=== DATA RECORDS ===

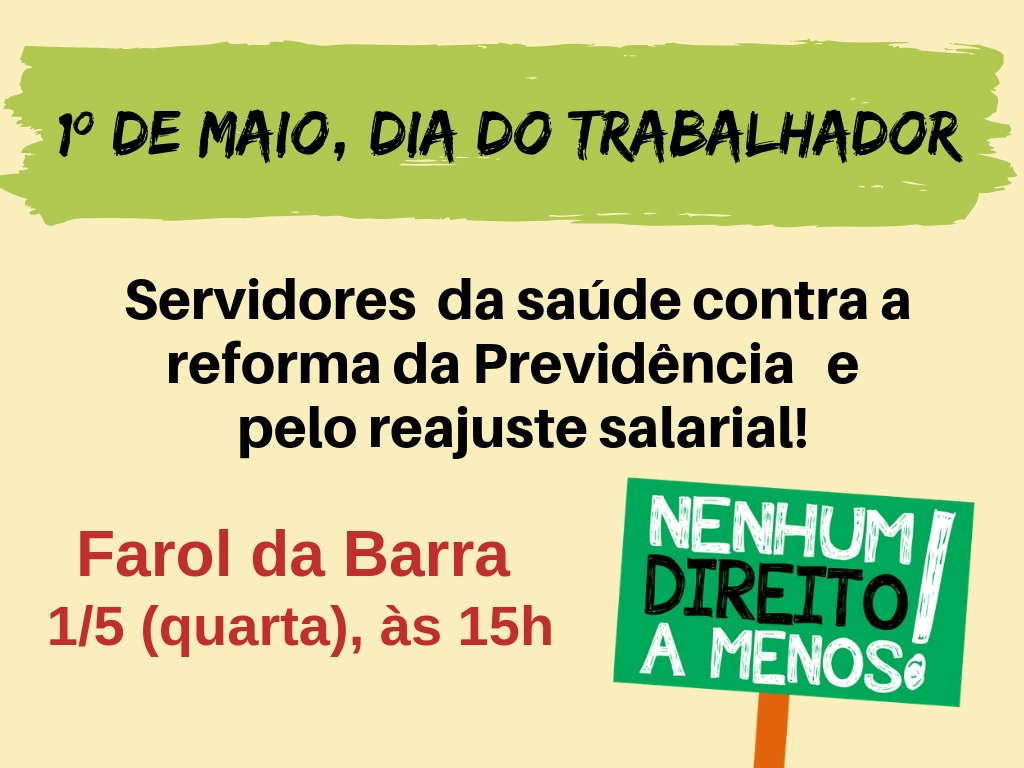 DESTAQUES 1º de maio: Servidores da saúde contra reforma da Previdência e pelo reajuste salarial 30/04/2019 por ascom Compartilhar: Share on: 0
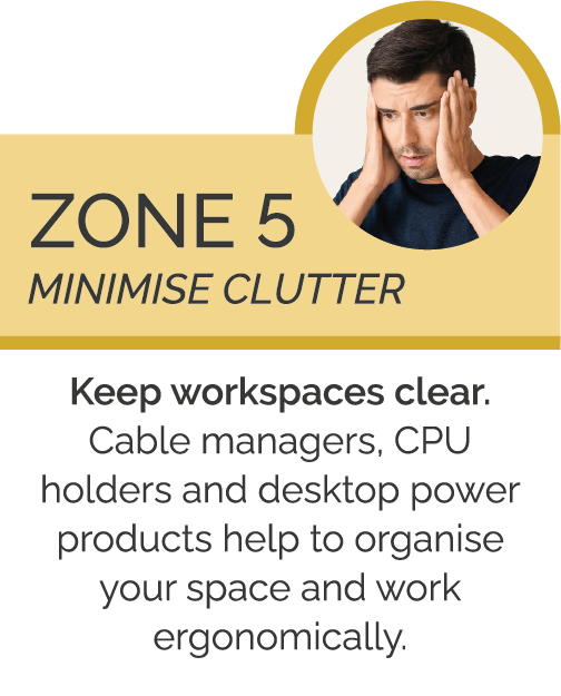 Cluttered workstations can hinder focus, reduce productivity, and increase the risk of injury through stretching & twisting.
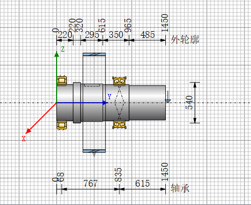 轴承设计要求:选用进口标准轴承,NU轴承承受纯径向力,配对TRB(SRB)轴承承受轴向力+径向力,轴承寿命计算依据ISO281。
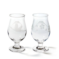 透明のガラスに花切子の技法で縁起の良い富士と鶴、富士山と桜をカットしました。
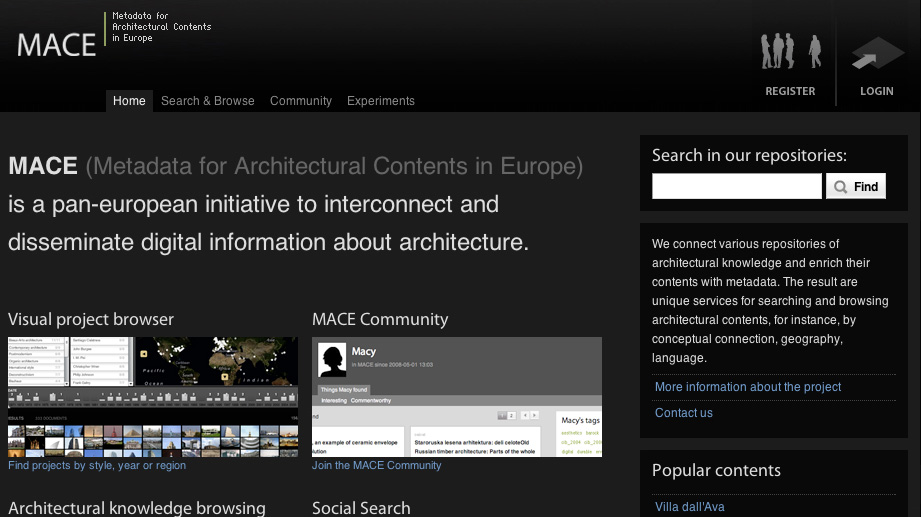 MACE (Metadata for Architectural Contents in Europe) was a pan-european initiative to interconnect and disseminate digital information about architecture. In this ambitious research project, I had a central role in designing the user interfaces and data visualizations developed over the course of the project.
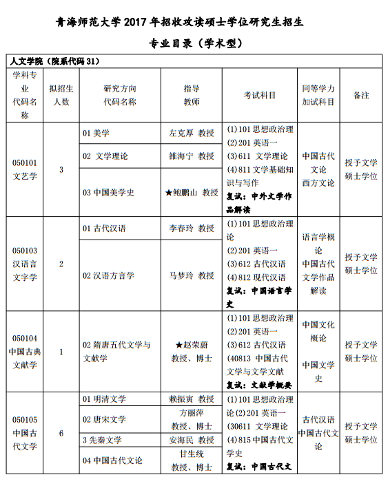 2017年青海师范大学考研专业目录已经公布,由于内容过多,请点击附件下载:

===

■ **TASK TO COMPLETE**: Pictures stay out of this copy; write out the entries above exactly.

■ **ANSWER**:
 DESTAQUES 1º de maio: Servidores da saúde contra reforma da Previdência e pelo reajuste salarial 30/04/2019 por ascom Compartilhar: Share on: 0
 Cluttered workstations can hinder focus, reduce productivity, and increase the risk of injury through stretching & twisting.
 轴承设计要求:选用进口标准轴承,NU轴承承受纯径向力,配对TRB(SRB)轴承承受轴向力+径向力,轴承寿命计算依据ISO281。
 透明のガラスに花切子の技法で縁起の良い富士と鶴、富士山と桜をカットしました。
 MACE (Metadata for Architectural Contents in Europe) was a pan-european initiative to interconnect and disseminate digital information about architecture. In this ambitious research project, I had a central role in designing the user interfaces and data visualizations developed over the course of the project.
 2017年青海师范大学考研专业目录已经公布,由于内容过多,请点击附件下载:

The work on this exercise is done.